A este viento en las arenas de la convulsa Libia, se le denomina El–Ghibli o Qibli, es decir que viene de la Qibla, la dirección hacia la que oran los musulmanes. No sé, otra vez la geografía resbala un poco, porque la Alquibla primero estuvo en dirección a Jerusalén (Al–Quds) y después hacia La Kaaba de La Meca (o Meca, como dice ahora todo el mundo, o los periódicos que son, junto con las tertulias de la televisión y la radio, especialmente las deportivas, los oráculos de nuestro tiempo). Los expertos en anemología (la ciencia, de hermoso nombre, que estudia los vientos; recomiendo la lectura del libro de Lyall Watson, Heaven’s breath) nos informan de que el Siroco es un viento que se origina debido a un proceso muy similar al que pone en marcha el conocido como efecto Foehn (o Föhn). Pero de ese viento, y del efecto que lo origina, hablaremos otro día. Cuando sepamos más sobre él.

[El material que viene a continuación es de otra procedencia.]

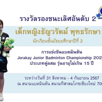 ขอชื่นชมและร่วมแสดงความยินดีกับ เด็กหญิงธัญวรัตม์ พุทธรักษา นักเรียนขั้นมัธยมศึกษาปีที่ 2/8 ได้รับรางวัลรองชนะเลิศอันดับ 2 การแข่งขันแบดมินตัน รายการ Jorakay Junior Badminton Championship 2024 ระหว่างวันที่ 31 สิงหาคม – 4 กันยายน 2567 ณ สนามแบดมินตัน สนามกีฬาสมโภชเชียงใหม่ 700 ปี โรงยิม 1 (ATK Badminton) จัดโดยสมาคมแบดมินตัน แห่งประเทศไทย

El Siroco también es denominado Jugo (“Sur”, es decir “Viento Sur”, como en Santander, que vuelve, literal,ente locos a los pejinos) en los países de la antigua Yugoslavia: en Bosnia, en Serbia, en Macedonia, en Croacia, en Eslovenia, y en el resto de países eslavos. Y Jugo en el Adriático es el contra-viento de la Bora (de Boreas, “Norte” en griego, una divinidad por si fuera poco). Y también, tal vez por la impronta veneciana, en la costa del Adriático se lo conoce como La Calima. Al igual que en las Islas Canarias, donde se llama así a una bruma cargada de vapor de agua que impide en algunos días toda visibilidad. Nunca estuve en Las Islas Afortunadas (ahora que lo pienso, creo que nunca he estado en una isla) pero he contemplado la calima desde un rompeolas en Rabat y ya nunca podré olvidarla.

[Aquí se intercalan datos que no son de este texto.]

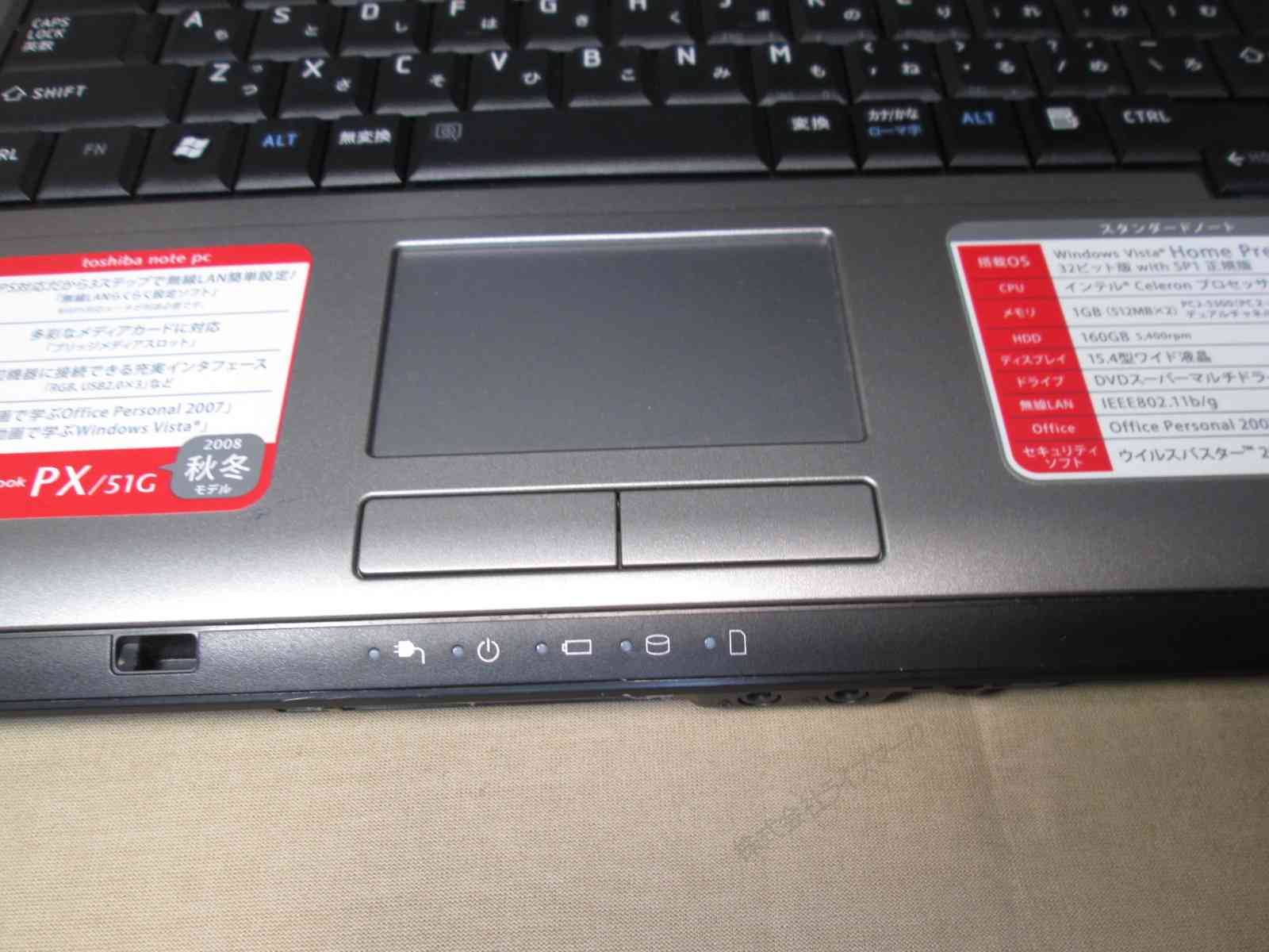 | OSプロダクトキー | あり(WindowsVista Home Premium) |

Hay más vientos que cruzan el Mediterráneo y nos recuerdan –por si nos hiciera alguna falta– que el sur también existe y que en el sur está África, a quienes soñamos con ella, como Javier Reverte en su Sueño de África, con los juegos africanos de Beau Geste y de Ernst Jünger, con sus desiertos y con sus montañas (En las montañas de África, de Emilio Salgari) y sus milenarios alcázares, aduares, medinas y alcazabas. Pero eso es ya materia de otro microrrelato léxico. Mal d’Africa.